When you became lucid, you became aware you were dreaming, but you lost awareness of the dream itself. All that exists in a dream is what you're paying attention to. So, if you're paying attention to nothing in the dream except your hands, only your hands will exist in the dream. 

This can happen easily as it can be tough to maintain awareness of the dream. It becomes easier with practice, though!

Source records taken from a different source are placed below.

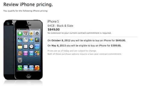 E-mails offering that opportunity began to go out by 12:35am PT, and were processed properly at that point. Notably, iPhone 4S customers have discovered that they are not eligible for discounted or fully subsidized iPhone 5 pricing, with October 8 of this year as the earliest date for discounts, and May 8, 2013 for full subsidized pricing. iPhone 5 unlocked and off-contract pricing remains the same as for the iPhone 4S: $649 (16GB), $749 (32GB), or $849 (64GB).
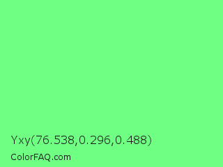Yxy 76.538,0.296,0.488 Color is a light green color and the nearest color is Very Light Malachite Green #64e986. Hex code #6fff83 and RGB value is rgb(111,255,131). In RGB color space, this color is composed of 44% red, 100% green, 51% blue, In CMYK color space, this color is composed of 56% cyan, 0% magenta, 49% yellow , 0% black , In HSL color space, this color has a hue angle of 128° , 100% saturation and 72% lightness.
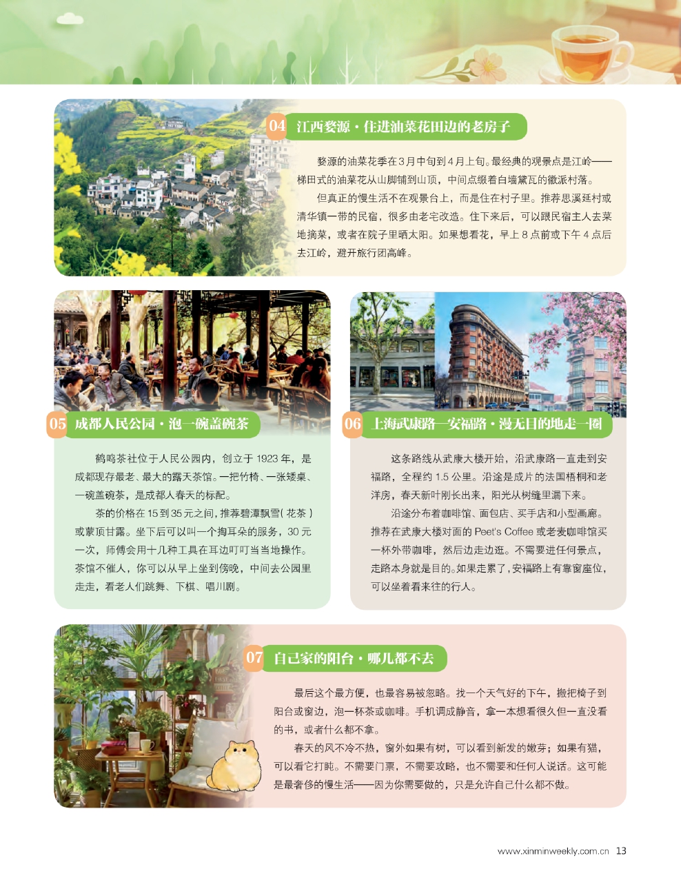 春天适合放慢脚步。找一个地方坐下来,喝杯茶、发发呆,让时间自己流逝。
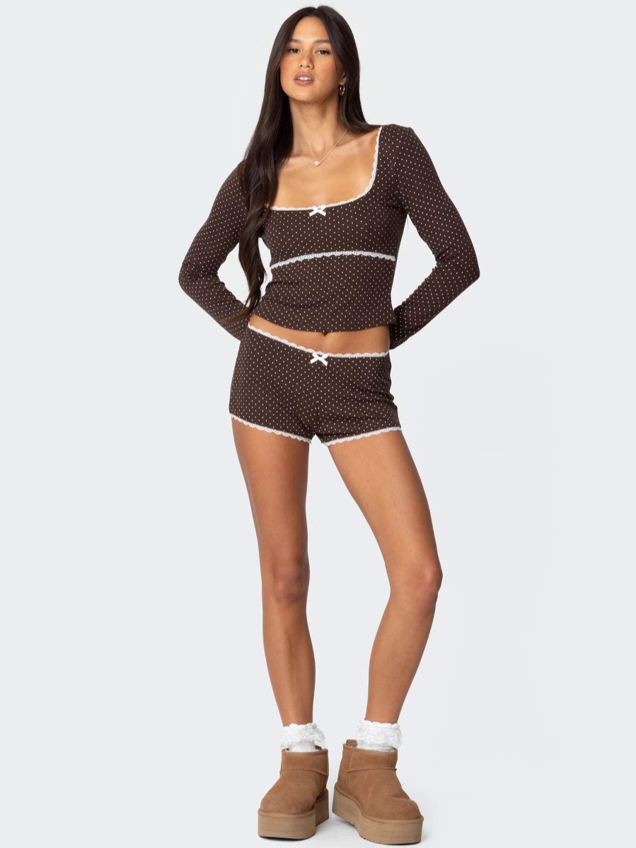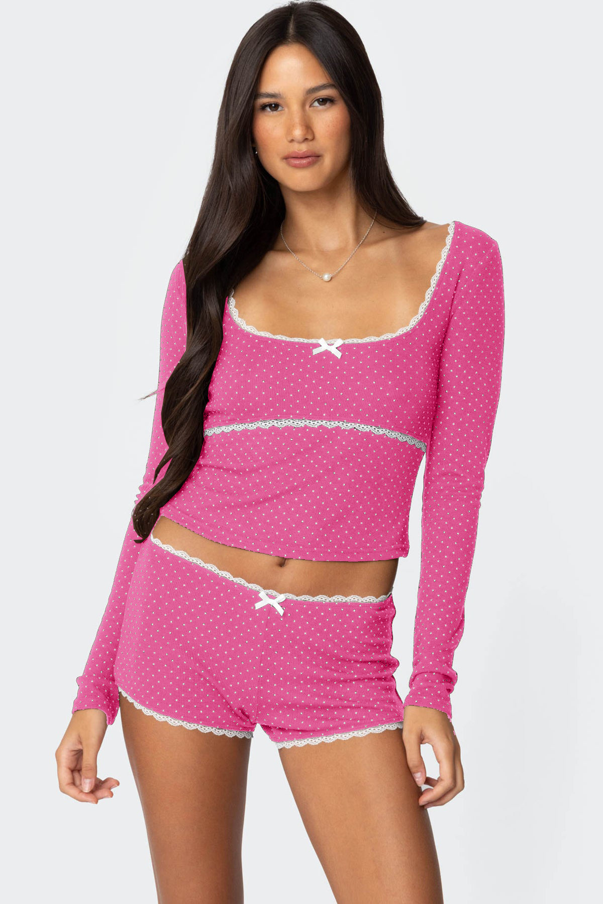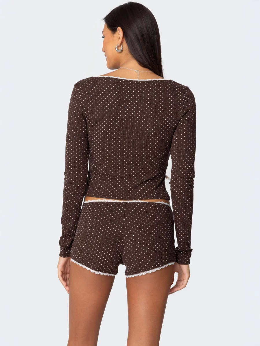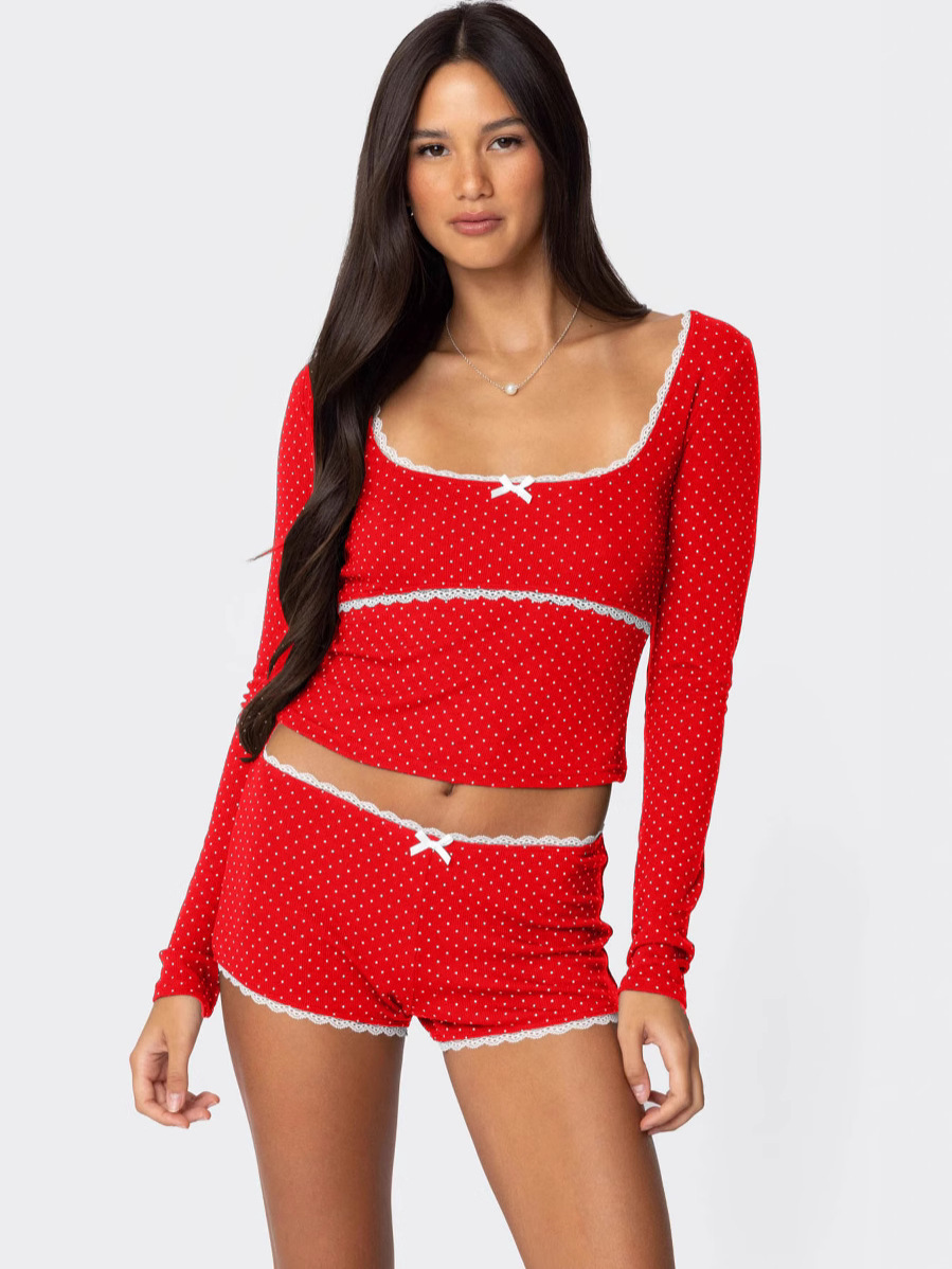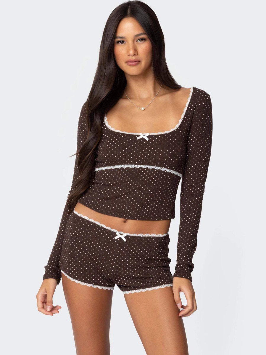 Европейский и американский кросс-зеркальный набор с волновой точкой печати новый подтяжка топ с бантом кружево сшивание сексуальные шорты набор из двух частей

When the dream becomes blurry the best thing you can do is focus on the current dream scene until it becomes vivid. If you black out but are still dreaming, you can focus on a new dream scene until it's created.

----------


## PatrickMcgann

Thanks

----------


## MrOMGWTF

Your brain has a sort of security mechanism when dreaming - once you become lucid, it tries to trick you into believing that you just woke up. From what I've heard it happens to everyone. For me it happens like this:
1. Realize I'm lucid.
2. Dream destabilizes, everything gets shaky, get sort of dizzy, black out.
3. Find myself back in my bed.

When I first started lucid dreaming, I'd be tricked at step 3, and I'd just go back to sleep. But not now. Even though I know it's still a dream, it's very difficult to move in that dream. So here's my tip for you: rub your hands. Just keep rubbing them in your dream. Even if you get teleported into a vast nothingness of space, you'll still feel the rubbing of your hands, and it gives you an idea as to where your body is located... if that makes sense. Your dream should start stabilizing with each second. I usually then jump out of my window, and enjoy my lucid dream. Thanks to this hand rubbing, I now have 30 minutes lucid dreams, instead of 1 minute ones.

----------